I recognize that litigation is by its nature a stressful practice, and one that does not always lend itself to “serenity” or “work and social harmony”. We are after all paid by our clients to take on our shoulders their problems, together with all the associated stress and discomfort that comes with these conflicts and disputes. It can be a daunting task at the best of times, but our reward comes not only in the form of a handsome paycheque, but also in the gratifying knowledge that we can meaningfully and measurably help people. Oh what a feeling…
And yet a full 50% of young lawyers are suffering from psychological distress. Let’s not understate this: one half of Quebec lawyers with 10 years or less of practice are struggling with symptoms resembling burnout and depression. If you want to really understand what this means, simply press replay on the recent public and courageous disclosure made by Supreme Court Justice Clément Gascon regarding his deeply personal and at times perilous journey with mental health challenges over the course of his career. Let’s face it, these are no longer issues that can be willed away with a stiff upper lip. Never have been, for that matter.

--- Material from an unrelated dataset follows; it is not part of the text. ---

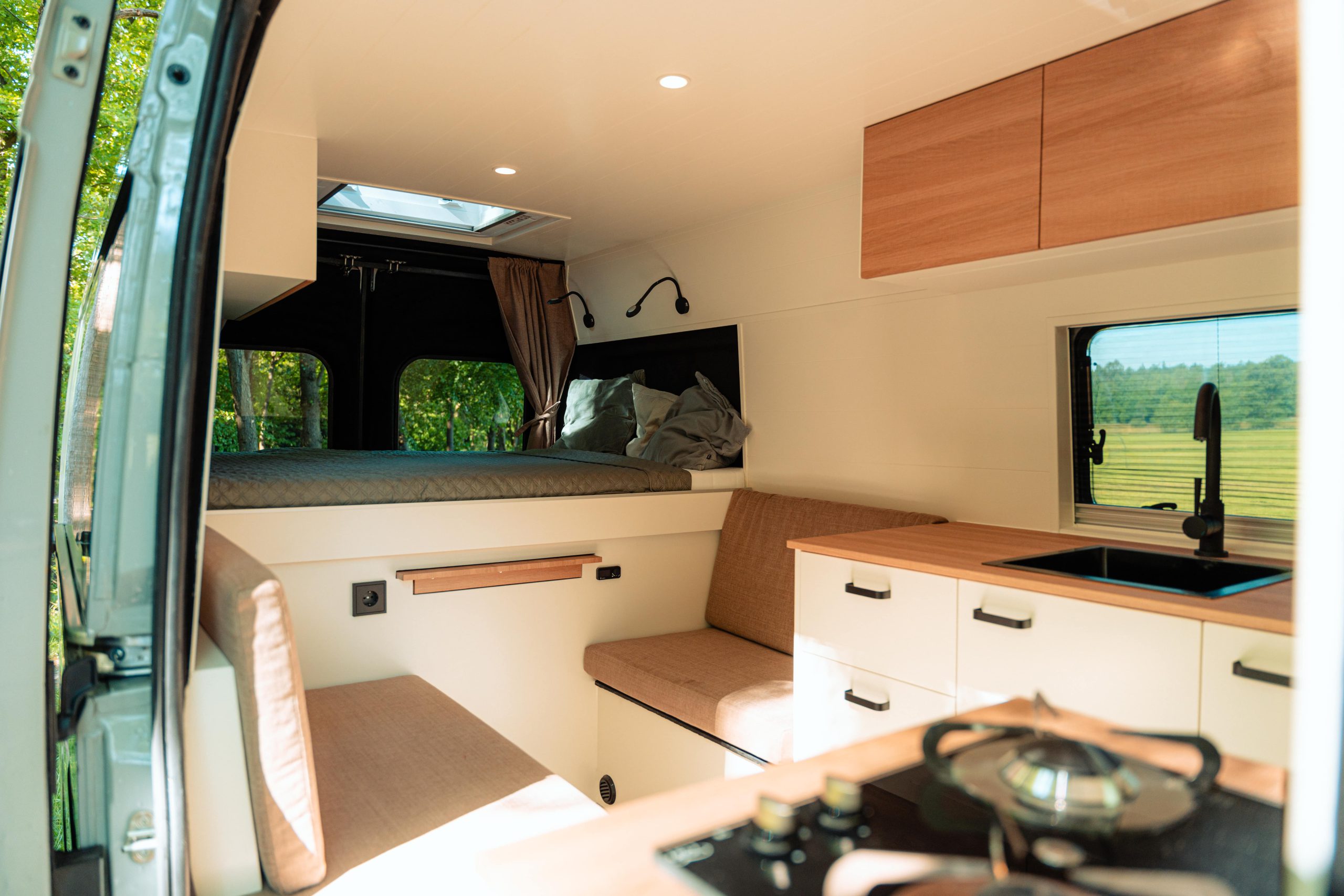 Het ontwerpen van de camper gaat bij ons verder dan het verwerken van uw wensen. Wij gaan net even dat stapje verder en proberen de camper een ware beleving te maken. Als klant bepaalt u zelf, naast uiteraard de indeling van de camper, ook de kleur van de lak van het interieur: de wanden, de kasten, keuken, etc. Tevens kunt u zelf de stof van de gordijnen en van de kussens uitzoeken bij onze leverancier. Kortom: bij ons richt u uw camper volledig zelf in zodat het uw eigen camper wordt.
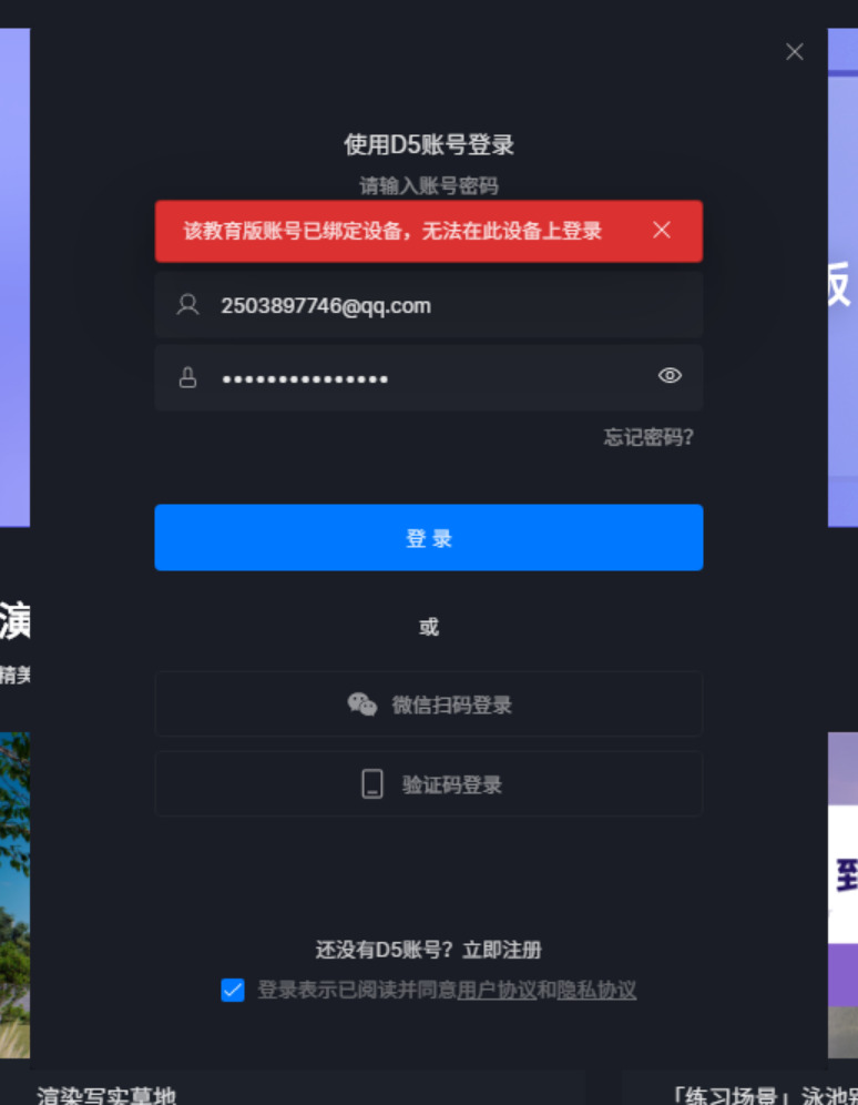 问题现象:2.5版本教育版账号无法登录,提示已绑定设备

I think, instead, that the profession needs to openly acknowledge that it is time for a serious change in culture; that we need to promote practice methods and customs that reduce rather than exacerbate the stressful working conditions that are eroding lawyers’ well-being and fostering psychological distress in the workplace.

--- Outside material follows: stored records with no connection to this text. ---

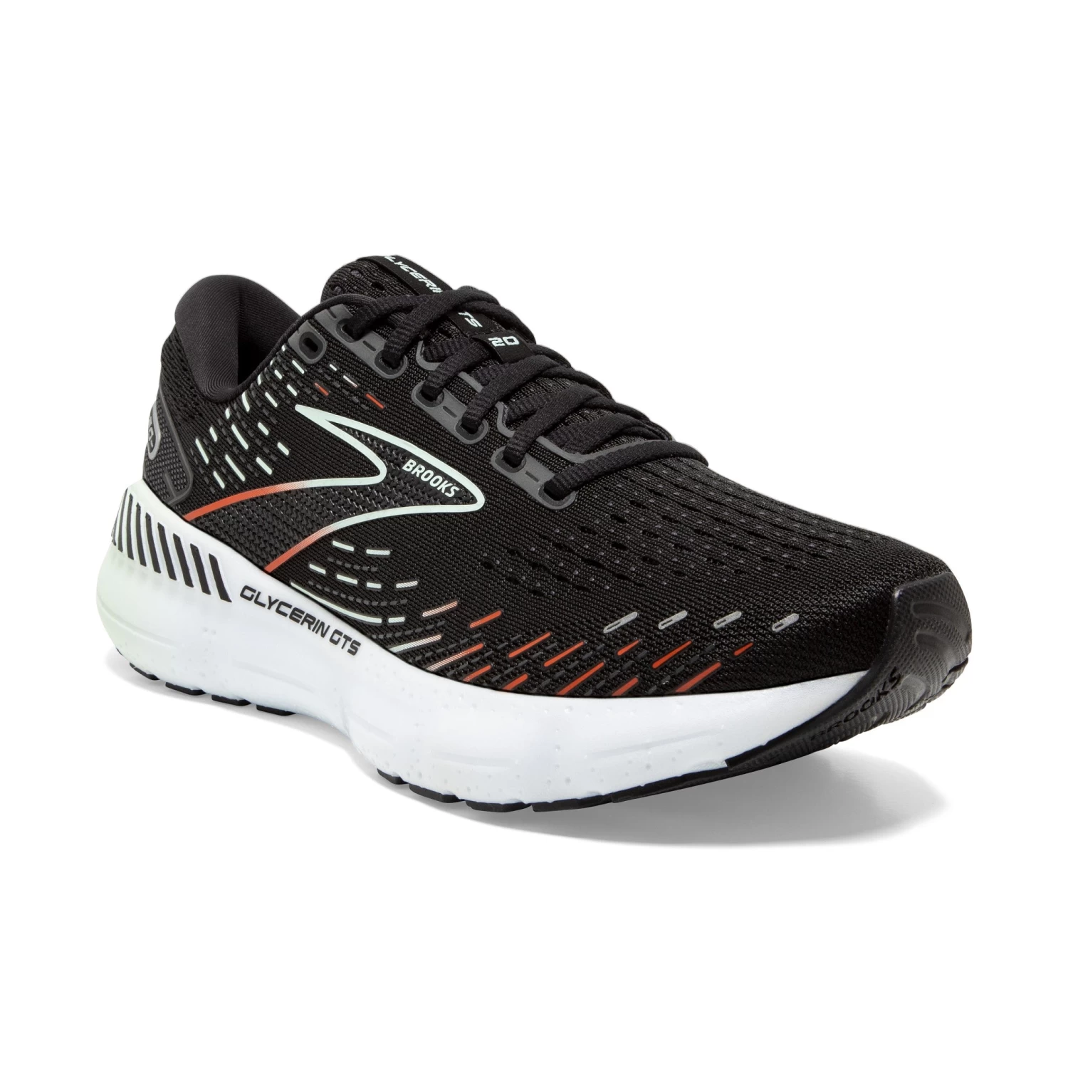 The softest cushioning from Brooks with industry-leading support for supreme comfort. This supreme softness midsole now features nitrogen-infused DNA LOFT v3 that is super soft and optimized to be lightweight, responsive, and durable with plush comfort. The engineered air mesh upper offers a secure fit, comfortably holding the foot in place. GuideRails holistic support system supports the body in its natural motion path while keeping excess movement in check. Putting in your miles will feel better than ever with the great support and comfort the Glycerin GTS 20 has to offer.
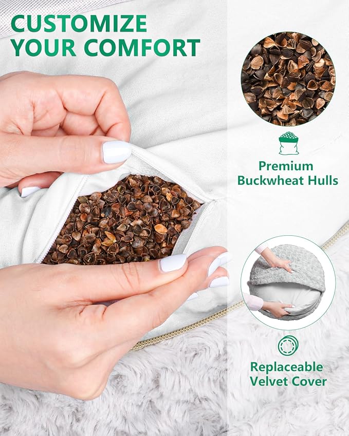 - Luxurious Rose Velvet & Natural Buckwheat Filling: Features a soft, premium rose velvet cover for a plush feel and elegant look, while the natural buckwheat hull filling provides adjustable firmness and stable support for spine alignment
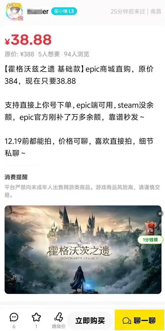至于这事有多出圈,不妨看看号称什么都能搜到的闲鱼。在Epic宣告白给后,一些有心之人在平台上挂出链接,号称只要30块就能把《霍格沃兹之遗》加入你的库存——事实上只是登入卖家Epic账号领个游戏。
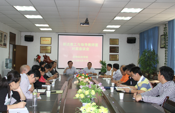今年我院共报到博士10人,为了给新进青年教师搭建一个良好的发展平台,使青年教师尽快熟悉教学各个环节,根据学校要求,学院为每位新进教工配备了一名指导教师。9月19日下午,为了保证新进教工指导工作质量,学院专门召开新进教工与指导教师面对面座谈会,院长张智英教授、院党委书记闫祖书、教学副院长姚军虎、督导组教师代表魏忠义教授以及新进教工和指导教师参加了座谈会。会议由闫祖书书记主持。
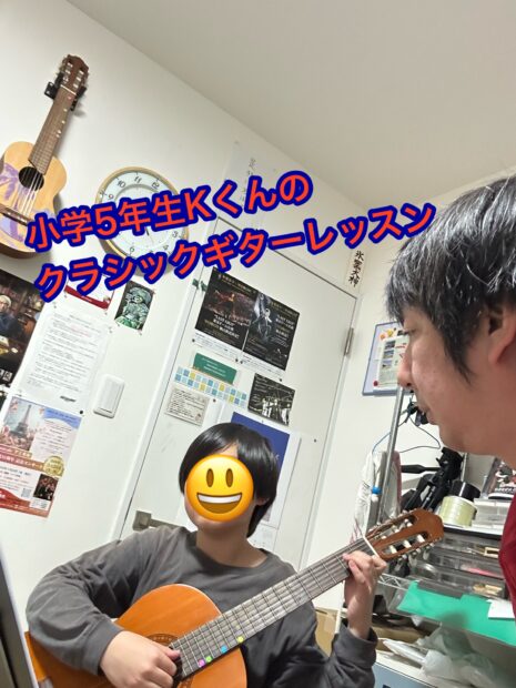 今日のレッスンは小学4年生Kちゃんでした。現在、ギターソロに入り一生懸命にギター …
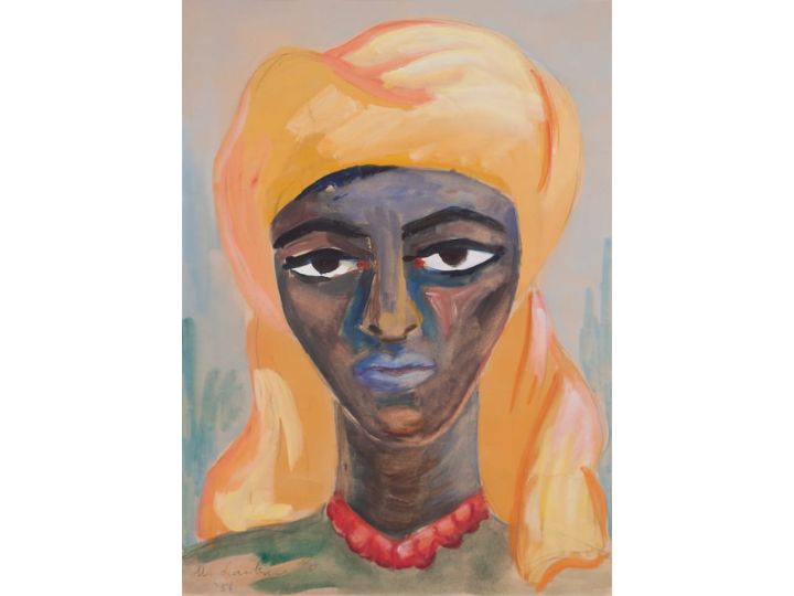 The genres of these two lots, one a portrait and the other a landscape study, broadly reflect the collecting interests represented in the Boiskin Art Collection. The collection includes superb landscape studies by Walter Battiss, Maggie Laubser, George Pemba, J. H. Pierneef, Durant Sihlali and Maud Sumner. Pierneef’s Mountain Landscape with a Tree in the Foreground (estimate R300 000 – 500 000 / $17 793 – 29 656) dates from 1923, a period of growing national acclaim. Laubser’s magical Landscape with Houses and a Figure (estimate R350 000 – 450 000 / $20 759 – 26 690) was previously owned by Lithuanian-born sculptor Solly Disner.

Perhaps this means redefining (or, quite frankly, simply understanding) the notions of “urgency” and “importance”, both when assessing our clients’ real needs and when considering our own internal deadlines and priorities. Is it not somewhat ironic that the high octane practice of real-time litigation was conceived in the bankruptcy chamber of our courts, where parties are essentially fighting over a corpse?
Maybe the imperative of civil and courteous behaviour needs to be reinforced – and actively enforced – within the litigation bar. Just because our civil justice system is premised on an adversarial process does not mean it should be carried out in an adversarial (read “attack-dog”) fashion. I know from experience that uncivil and overly combative conduct of opposing counsel can virtually ruin and forever impact young lawyers. This type of behaviour simply has to be removed from the practice.

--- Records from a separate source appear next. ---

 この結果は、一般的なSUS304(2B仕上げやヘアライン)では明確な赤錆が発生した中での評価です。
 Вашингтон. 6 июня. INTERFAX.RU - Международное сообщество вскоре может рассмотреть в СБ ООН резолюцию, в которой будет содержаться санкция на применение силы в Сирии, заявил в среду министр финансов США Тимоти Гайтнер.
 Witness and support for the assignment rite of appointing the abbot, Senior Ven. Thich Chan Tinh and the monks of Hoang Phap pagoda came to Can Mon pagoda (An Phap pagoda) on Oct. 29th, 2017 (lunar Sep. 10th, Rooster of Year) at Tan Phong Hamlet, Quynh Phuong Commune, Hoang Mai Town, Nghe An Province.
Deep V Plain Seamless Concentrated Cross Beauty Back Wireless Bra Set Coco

Finally (and I expect I might receive hate mail for this one), it may even be time to reflect upon and understand the concept of “plenty”. Let me explain…To the extent lawyers continue to stubbornly adhere to business models that essentially sell time for profit, now may be an appropriate occasion to revisit just how much of it we really want (or need) to sell. In light of the Barreau’s recent study, I would be curious to know what if any relationship exists between increasing demands on supplying one’s time and the incidence of psychological distress in any workplace. Surely there comes a point where the marginal benefit to the bottom line becomes outweighed by the overall wellness impact of demanding more and more time – billable or otherwise – from young lawyers?
These are but a few humble contributions (I have plenty more) to a discussion that I believe is well worth having: how can we make the practice of law better, and healthier, for all of us? I welcome others to join the conversation, because if we don’t, the results of the next survey may very well be more troubling, all of which leads me to this closing reflection:
“Dick the Butcher”, one of Shakespeare’s more endearing albeit rough and tumble characters, famously said: “The first thing we do, let’s kill all the lawyers”. The Bard should have saved his precious ink…it looks like they’re killing themselves.